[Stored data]
+++

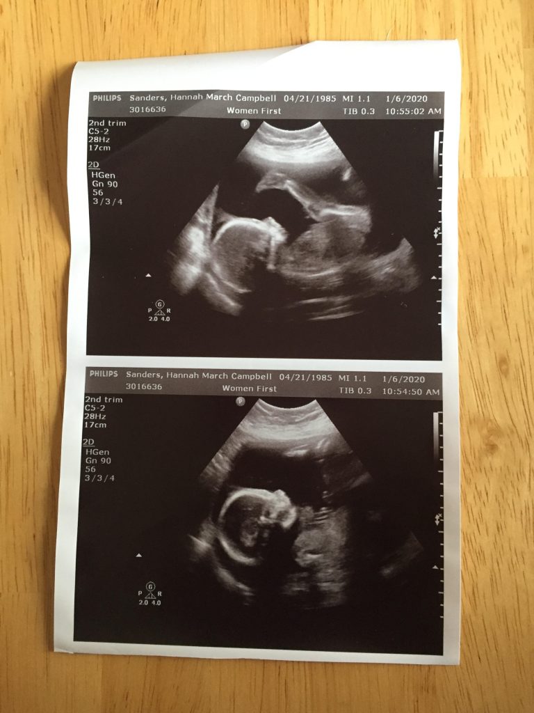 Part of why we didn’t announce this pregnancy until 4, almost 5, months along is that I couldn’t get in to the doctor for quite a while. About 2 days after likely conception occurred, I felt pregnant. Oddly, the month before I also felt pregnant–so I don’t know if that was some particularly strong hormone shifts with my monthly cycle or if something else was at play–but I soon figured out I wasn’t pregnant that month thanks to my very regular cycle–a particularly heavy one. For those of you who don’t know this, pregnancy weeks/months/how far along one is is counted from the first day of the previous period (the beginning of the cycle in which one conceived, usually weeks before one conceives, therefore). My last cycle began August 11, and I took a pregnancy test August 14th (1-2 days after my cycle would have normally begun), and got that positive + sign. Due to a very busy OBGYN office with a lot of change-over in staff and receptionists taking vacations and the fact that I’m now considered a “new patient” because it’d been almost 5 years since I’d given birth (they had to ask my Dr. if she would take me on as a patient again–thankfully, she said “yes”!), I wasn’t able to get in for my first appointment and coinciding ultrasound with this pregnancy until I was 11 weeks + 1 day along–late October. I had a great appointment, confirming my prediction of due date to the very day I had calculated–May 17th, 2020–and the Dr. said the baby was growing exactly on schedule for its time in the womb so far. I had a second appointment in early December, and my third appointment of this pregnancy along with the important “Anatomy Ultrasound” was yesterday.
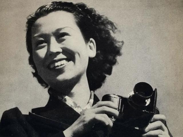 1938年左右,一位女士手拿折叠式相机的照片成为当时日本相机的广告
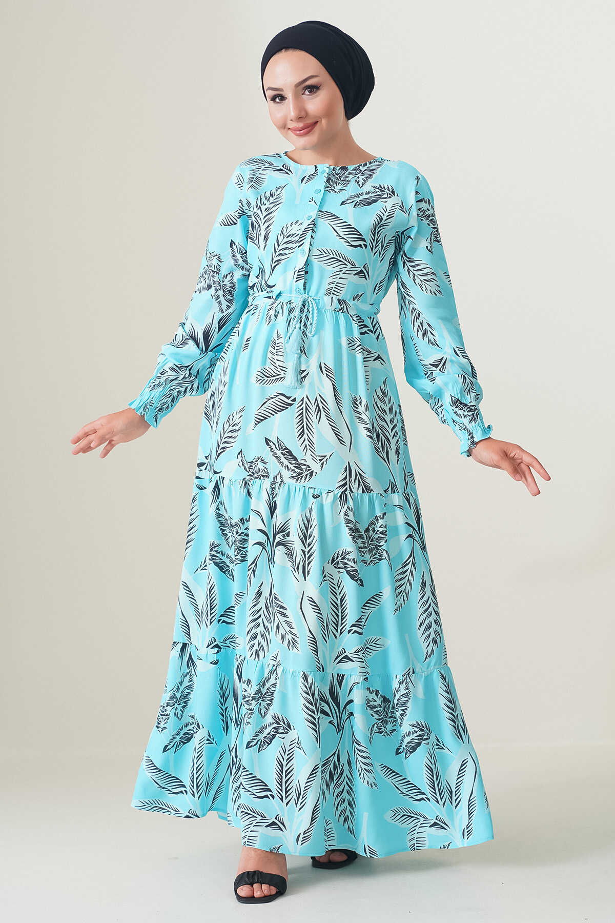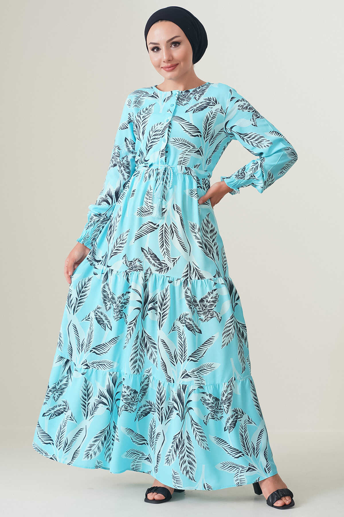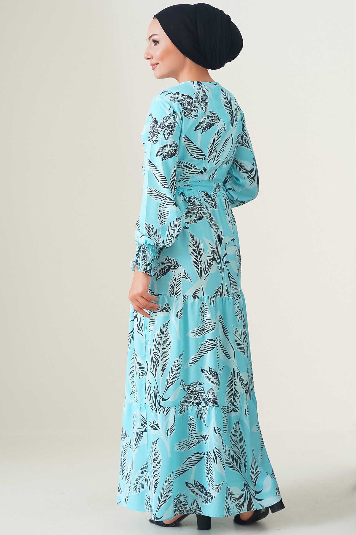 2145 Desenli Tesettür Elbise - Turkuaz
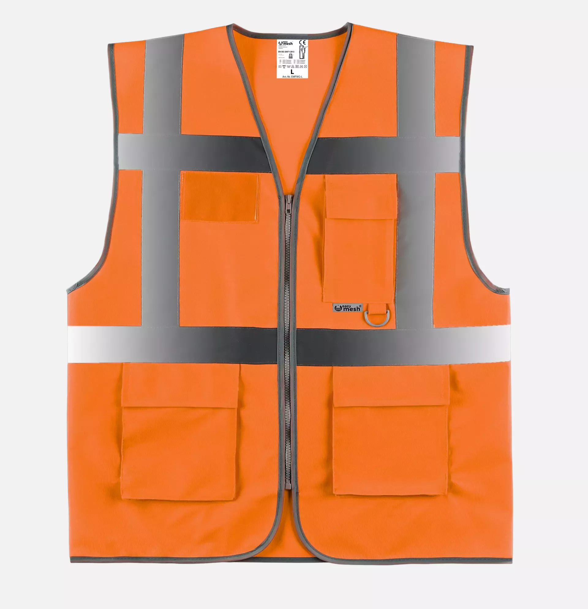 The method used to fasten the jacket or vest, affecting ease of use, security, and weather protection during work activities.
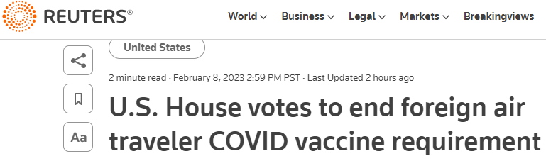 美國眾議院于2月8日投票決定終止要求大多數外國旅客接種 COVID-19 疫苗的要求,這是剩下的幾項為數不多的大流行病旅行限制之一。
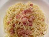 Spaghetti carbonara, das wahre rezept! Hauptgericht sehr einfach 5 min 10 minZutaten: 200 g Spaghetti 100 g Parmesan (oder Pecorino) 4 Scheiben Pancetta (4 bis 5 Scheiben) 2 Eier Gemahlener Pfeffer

+++

◆ WHAT THIS TASK INVOLVES
Set down every entry above without alteration, but print no images.

◆ REPLY
 Part of why we didn’t announce this pregnancy until 4, almost 5, months along is that I couldn’t get in to the doctor for quite a while. About 2 days after likely conception occurred, I felt pregnant. Oddly, the month before I also felt pregnant–so I don’t know if that was some particularly strong hormone shifts with my monthly cycle or if something else was at play–but I soon figured out I wasn’t pregnant that month thanks to my very regular cycle–a particularly heavy one. For those of you who don’t know this, pregnancy weeks/months/how far along one is is counted from the first day of the previous period (the beginning of the cycle in which one conceived, usually weeks before one conceives, therefore). My last cycle began August 11, and I took a pregnancy test August 14th (1-2 days after my cycle would have normally begun), and got that positive + sign. Due to a very busy OBGYN office with a lot of change-over in staff and receptionists taking vacations and the fact that I’m now considered a “new patient” because it’d been almost 5 years since I’d given birth (they had to ask my Dr. if she would take me on as a patient again–thankfully, she said “yes”!), I wasn’t able to get in for my first appointment and coinciding ultrasound with this pregnancy until I was 11 weeks + 1 day along–late October. I had a great appointment, confirming my prediction of due date to the very day I had calculated–May 17th, 2020–and the Dr. said the baby was growing exactly on schedule for its time in the womb so far. I had a second appointment in early December, and my third appointment of this pregnancy along with the important “Anatomy Ultrasound” was yesterday.
 1938年左右,一位女士手拿折叠式相机的照片成为当时日本相机的广告
 2145 Desenli Tesettür Elbise - Turkuaz
 The method used to fasten the jacket or vest, affecting ease of use, security, and weather protection during work activities.
 美國眾議院于2月8日投票決定終止要求大多數外國旅客接種 COVID-19 疫苗的要求,這是剩下的幾項為數不多的大流行病旅行限制之一。
 Spaghetti carbonara, das wahre rezept! Hauptgericht sehr einfach 5 min 10 minZutaten: 200 g Spaghetti 100 g Parmesan (oder Pecorino) 4 Scheiben Pancetta (4 bis 5 Scheiben) 2 Eier Gemahlener Pfeffer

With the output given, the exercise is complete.